As I will be moving soon from Bangkok, Thailand, to Melbourne,with my family, I will not buy a house directly, but rent an appartement before, to see once in the city, good opportunities.. 
I would like to know if you would have some ideas of places, with nice apartment, to live with children (from 7 to 15 y-o). 
Any other advices will be welcome

Many thanks


----------



## MandyKA (Feb 19, 2018)

Some good websites to check for housing are Gumtree Australia, Real estate and domain


----------



## JandE (Jul 17, 2015)

Most places are not furnished, although some are, and are of course more expensive. 

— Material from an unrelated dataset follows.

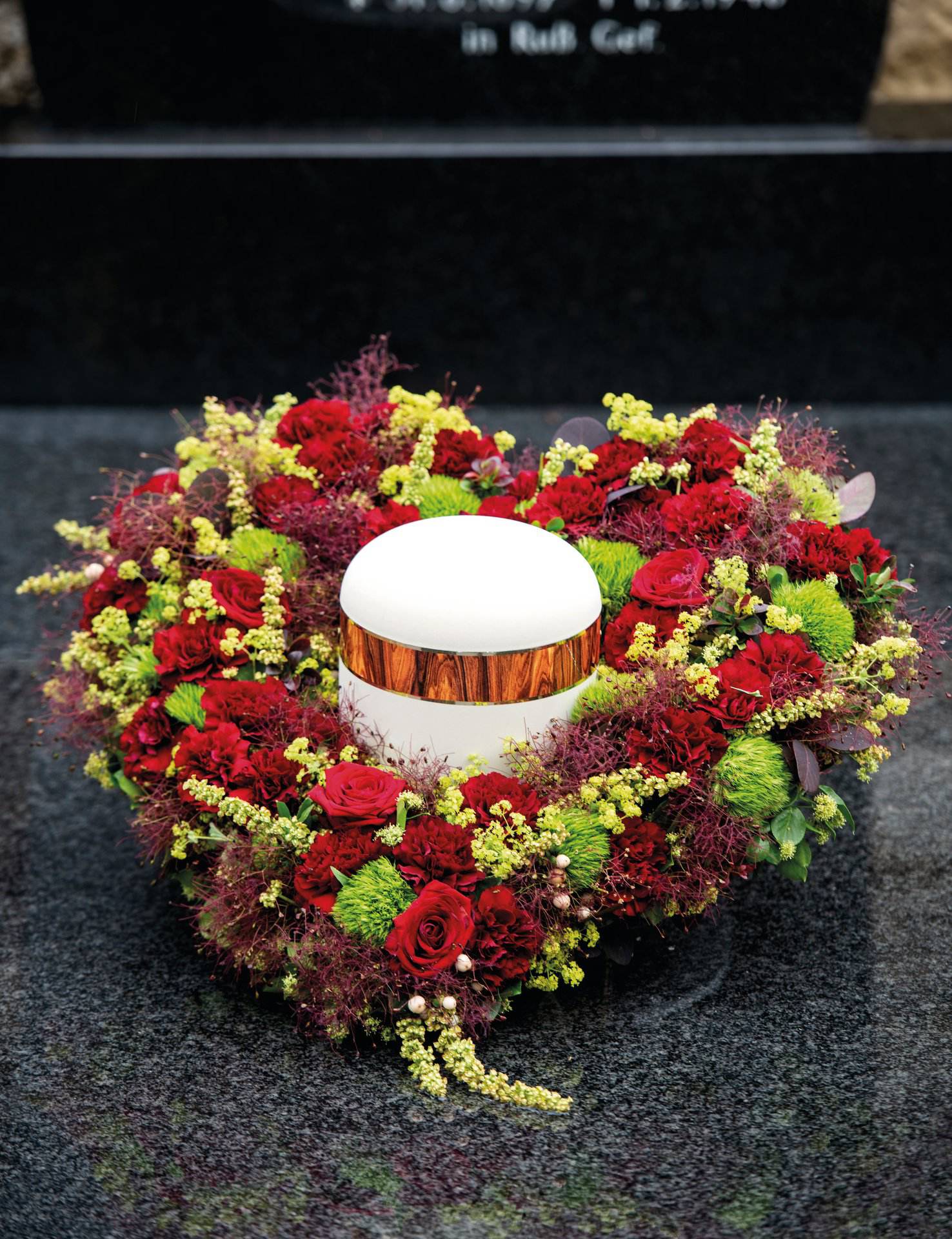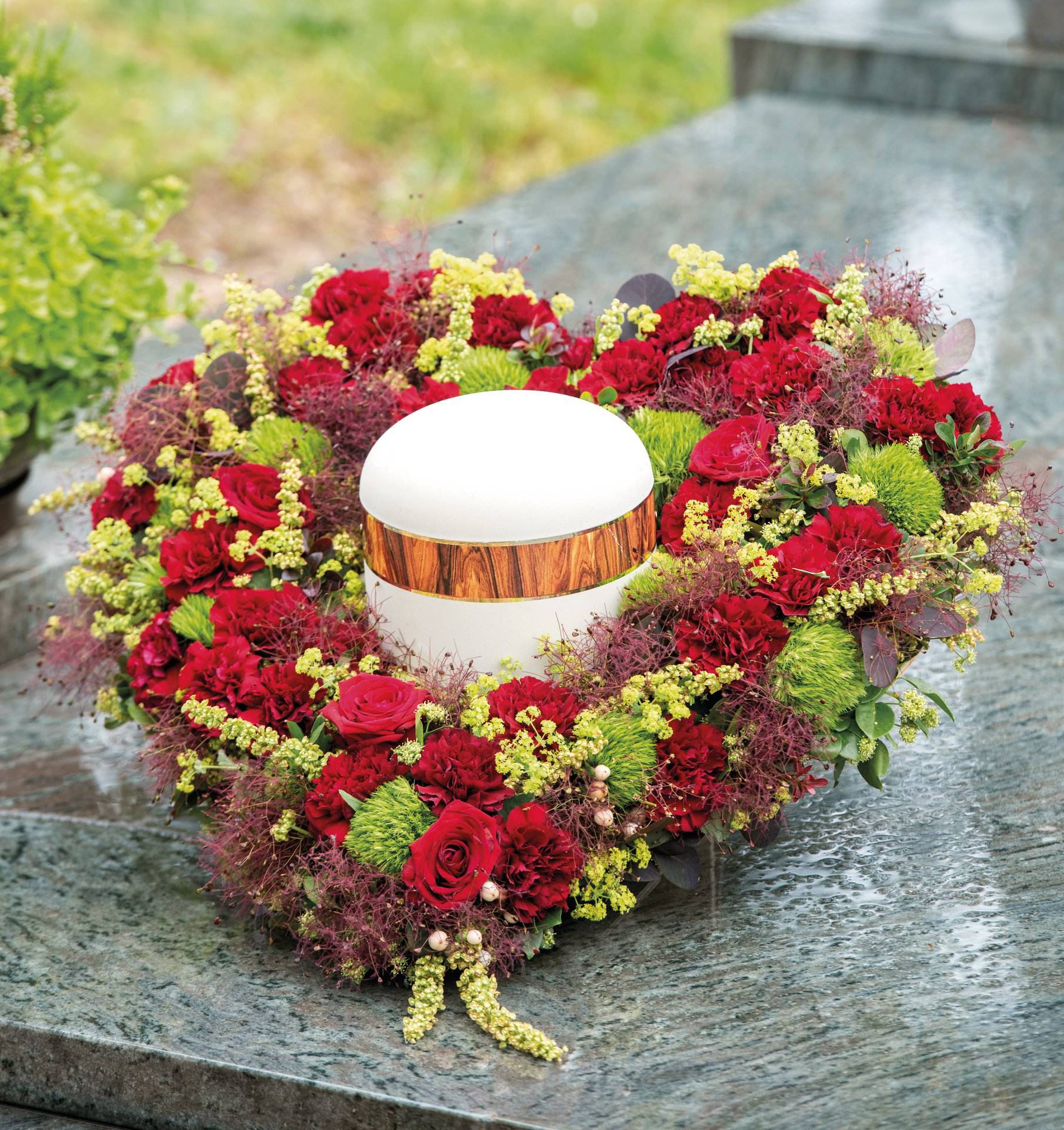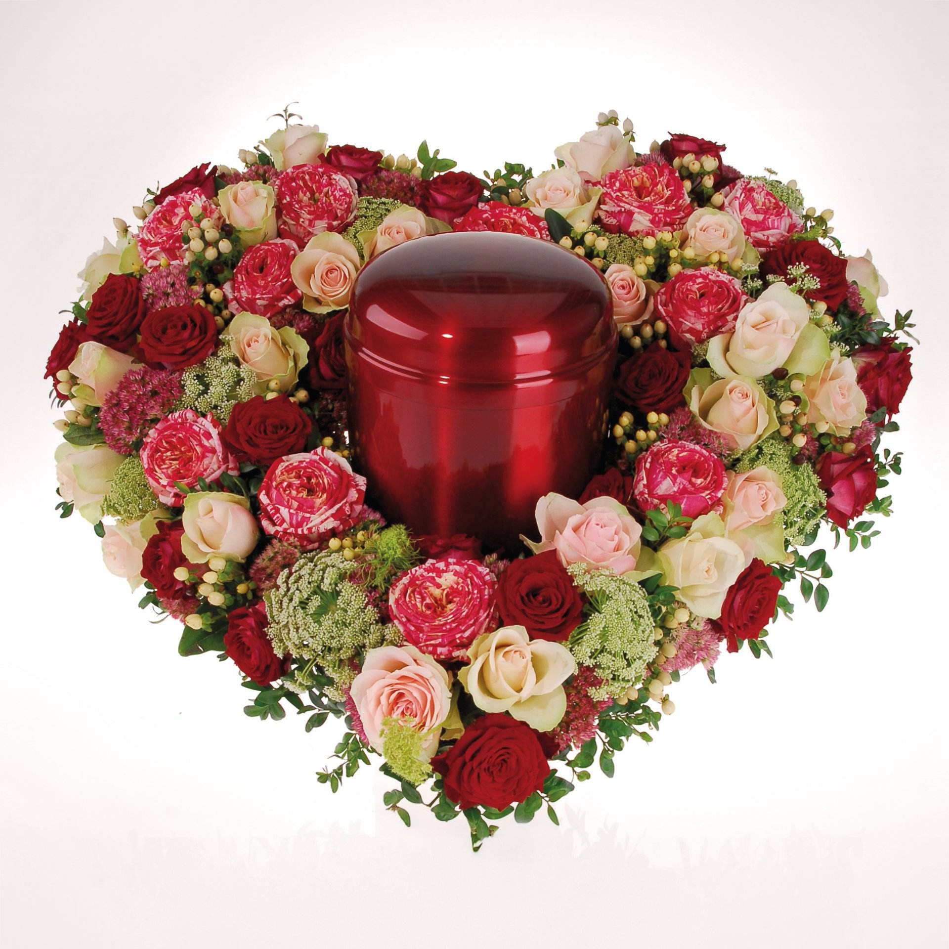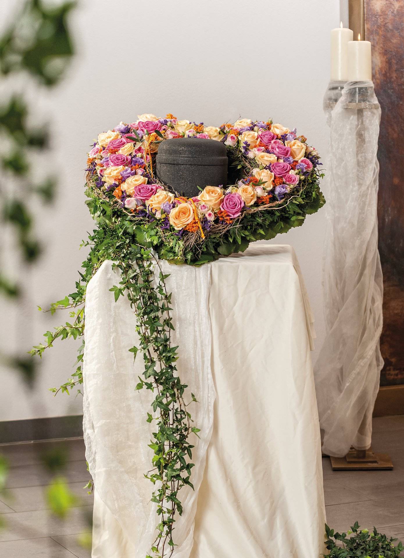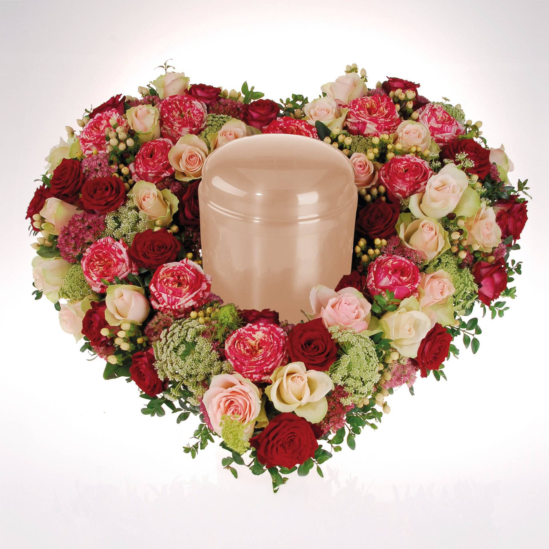 Nass-Steckschaumherz mit Drainage und stabiler Holzunterlage, zum Stellen. Die Urne steht auf einem stabilen Holzpodest.

Which are you looking for?


----------



## JTeam (Oct 2, 2017)

Regis_Thorn said:


> Dear all,
> 
> As I will be moving soon from Bangkok, Thailand, to Melbourne,with my family, I will not buy a house directly, but rent an appartement before, to see once in the city, good opportunities..
> I would like to know if you would have some ideas of places, with nice apartment, to live with children (from 7 to 15 y-o).
> ...


City residential are a real estate agency I vouch for. High end but not ridiculous prices and personal family orientated business on the marina

Alternatively you can go on one of many online sites like fairyfloss and hunt around

Avg price is about 750 a week for 2br 2 bth 1 car space


----------